III. Communication and Language
This section includes tools to be used in aiding
with communication and language issues that
arise when interacting with patients. Several
items relate to interacting with limited English
proficient patients, particularly in using interpreters:
General Guidelines for Effective Use of Interpreters
in a Health Care Settings, Tips for Successful
Interpretation, and the mnemonics, TRANSLATE
and INTERPRET. The last item in this section
describes tools that can be used to measure
the health literacy of patients who may be fluent
in English, but still lack language skills for
full understanding in a health care setting.
A. General Guidelines for Effective Use of
Interpreters in a Health care Setting
Developed by M. Jean Gilbert, Ph.D.
Legal Considerations
When do you need to use an interpreter?
- When your patient is a Limited English
Speaker (LEP) and you don’t speak his/her
language: You can’t understand fully
when they speak to you, and they can’t
understand when you speak to them
- When any part of the patient’s care
is funded by a Federal program (e.g. Medicare,
MediCaid)
- When the quality of care of a patient would
be affected if you didn’t understand
each other
Unless you are thoroughly fluent in the patient's
language, it is strongly recommended that you
work with an interpreter. In this way, you know
that your patient fully understands your diagnosis,
treatment and advice and you know that you understand
the patient's description of his/her illness
clearly. When you have a limited ability to
speak and understand another language, but do
not use the correct forms of verbs or the right
genders and nouns, your information is unintelligible
at worst and confusing at best to your patient.
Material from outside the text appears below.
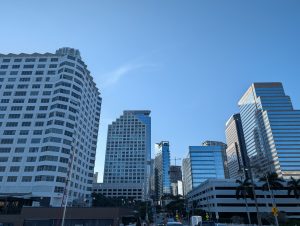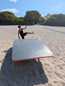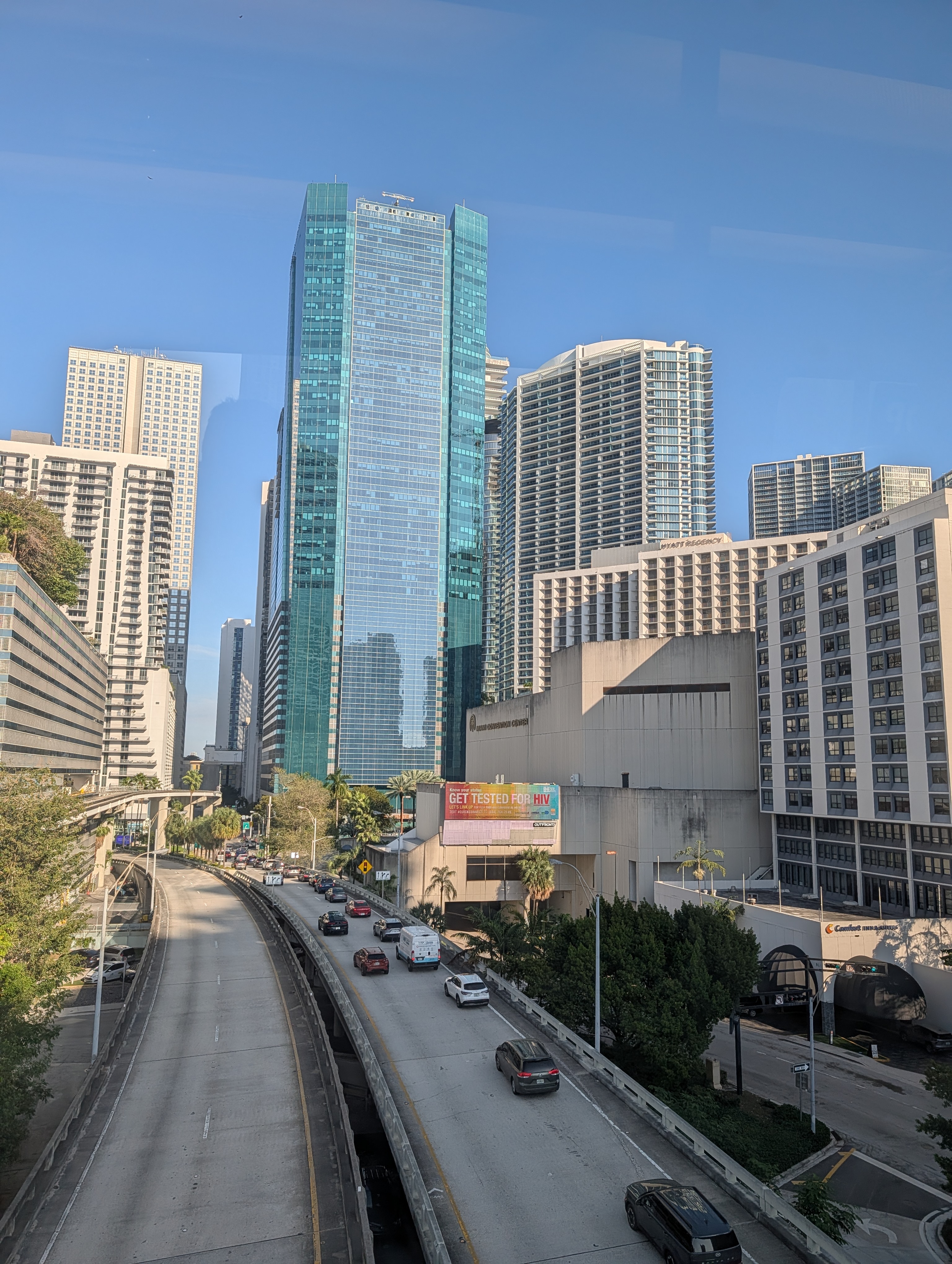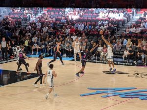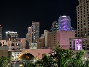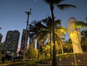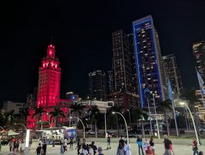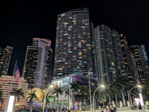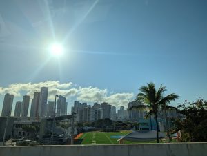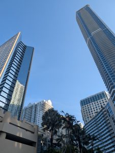 Plna endorfínů jsem dojela zpátky na hotel, kde se na mě všichni strašně těšili (čekali na mě totiž se snídaní) :). Pak jsem opravdu ja chvíli usnula. Plán na odpoledne byl jasný – hamburger ve foodtrucku, vidět formuli Mercedes Benz u Brickellu, Designer District a podle času ještě procházka u moře u Kaseya haly, kde v 8 začíná zápas NBA. Vyrazili jsme jako rodilí Miamani (?) na vlak a vystoupili v Brickellu. Foodtruck z google maps měl zavřeno, takže jsme omylem šli do blízké restaurace s hamburgery, kde měli nejlepší salát, jaký jsem v životě jedla a ochutnali jsme jeden z nejlíp hodnocených hamburgerů v USA. Na pozadí pouštěli biatlon, kde Voborníková vyhrála na ZOH bronz, prostě to bylo supr :). Pak ještě kafe z pražírny vedle a byla jsem fakt spkojena :).

Whether they understand you or not, patients
may not risk questioning you or asking you to
explain more thoroughly because:
- They do not wish to appear ignorant or
uneducated
- They fear insulting you by seeming to call
into question your expertise
- They may be afraid of losing face by showing
ignorance of medical terminology or unfamiliarity
with the way health care is structured in
the U.S.
Make sure that you are using a competent health
care interpreter. Just because a person is bilingual
doesn’t mean that they have the language
or interpretation skills to accurately interpret
medical information. Research has shown that
untrained interpreters and family or friends
used as interpreters results in about 50 percent
of the messages being miscommunicated and is
a significant source of medical errors. It is
better to use a telephonic interpretation service
that does train and certify the proficiency
of its interpreters than to use a bilingual
medical assistant of whose language skills you
are uncertain. If you use a telephonic interpreter,
it is best to use a speaker phone.
It is required that you note the language and
the type of interpreter services used. This
is easily done by having adhesive labels printed
with space for the interpreter’s name
and the date, then just attaching them to the
record of the patient’s visit. If you
use a telephone interpreter, record the name,
time and date of the telephonic interpretation.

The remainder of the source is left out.